Your first sentence has the fallacy that you’re attributing the cost of the device to a single feature against the cost of that single feature.

Most people are unlikely to buy the device for the AI features alone. It’s a value add to the device they’d buy anyway.

So you need the paid for option to be significantly better than the free one that comes with the device.

Your second sentence assumes the local one is dumb. What happens when local ones get better? Again how much better is the cloud one to compete on cost?

To your last sentence, it assumes data fetching from the cloud. Which is valid but a lot of data is local too. Are people really going to pay for what Google search is giving them for free?

I think it's a more likely assumption that on device performance will trail off device models by a significant margin for at least the next few years - of course if magically you can make it work locally with the same level of performance it would be better.

Plus a lot of the "agentic" stuff is interaction with the outside world, connectivity is a must regardless.

My point is that you do NOT need the same level of performance.

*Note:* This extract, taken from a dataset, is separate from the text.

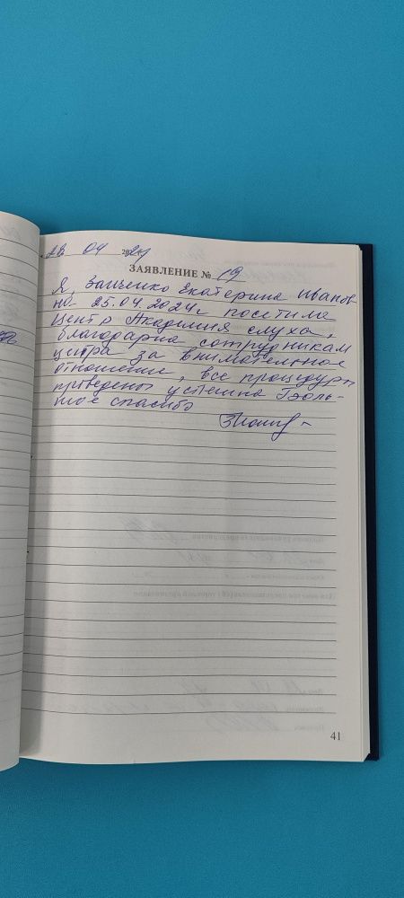 Я, Занченко Екатерина Ивановна 25.04.2024г. посетила Центр Академия слуха, благодарна сотрудникам центра за внимательное отношение , все процедуры проведены успешно. Большое спасибо.

You need an adequate level of performance that the cost to get more performance isn’t worth it to most people.
And my point is that it's way too early to try to optimize for running locally, if performance really stabilizes and comes to a halt (which may likely happen) then it makes more sense to optimize.

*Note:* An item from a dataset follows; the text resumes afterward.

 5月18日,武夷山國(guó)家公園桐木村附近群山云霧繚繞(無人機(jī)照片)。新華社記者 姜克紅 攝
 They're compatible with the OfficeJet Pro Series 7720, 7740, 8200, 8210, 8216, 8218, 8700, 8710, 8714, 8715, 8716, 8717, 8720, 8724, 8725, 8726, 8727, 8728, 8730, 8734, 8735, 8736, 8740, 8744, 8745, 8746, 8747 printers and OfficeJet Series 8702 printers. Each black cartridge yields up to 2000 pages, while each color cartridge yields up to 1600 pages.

Plus once you start with on device features you start limiting your development speed and flexibility.

It isn't really hypothetical. Lots of good models run well on a modern Macbook Pro.
Poor reception is rapidly becoming a non-issue for most of the developed world. I can’t think of the last time I had poor reception (in America) and wasn’t on an airplane.

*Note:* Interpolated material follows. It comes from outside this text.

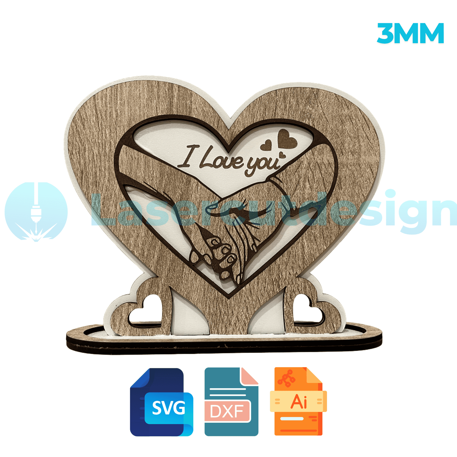 Two Different Types Of Hearts With Hands - Valentine's Day - Women's Day - Files For Laser Cutting, SVG,DXF,AI Files 3mm

As the global human population increasingly urbanizes, it’ll become increasingly easy to blanket it with cell towers. Poor(er) regions of the world will increase reception more slowly, but they’re also more likely to have devices that don’t support on-device models.

Also, Gemini Flash is basically positioned as a free model, (nearly) free API, free in GUI, free in Search Results, Free in a variety of Google products, etc. No one will be paying for it.

Many major cities have significant dead spots for coverage. It’s not just for developing areas.

Flash is free for api use at a low rate limit. Gemini as a whole is not free to Android users (free right now with subscription costs beyond a time period for advanced features) and isn’t free to Google without some monetary incentive. Hence why I also originally ask about private cloud compute alternatives with Google.

I ride a ferry from a city of 50k to a city of 700k in the US and work in a building with apartments upstairs basically a concrete cave.

I see poor reception in both areas and only one has WiFi.

You can run model >100x faster in cloud compared to on device with DDR RAM. This would make up for the reception.
And you can’t run the cloud model at all if you can’t talk to the cloud.
Yes, but I can't imagine situations where I "have" to run a model when I don't have internet at that time. My life would be more affected with the rest of the internet than having to run a small stupid model locally. At the very least until the hallucination is completely solved, as I need internet to verify the models.
You’re assuming the model is purely for generation though. Several of the Gemini features are lookup of things across data available to it. A lot of that data can be local to device.

That is currently Apple’s path with Apple Intelligence for example.

Hallucination can't be solved because bogus output is categorically the same sort of thing as useful output.

It has no world model. It doesn't know truth any more than it knows bullshit just a statistical relationship between words.

Latency is a huge factor in performance, and local models often have a huge edge. Especially on mobile devices that could be offline entirely.
Definitely not when it comes to LLM's, the larger more useful local models are not that fast and latency is not an issue, just look at this Google models voice function or even openai's advanced voice.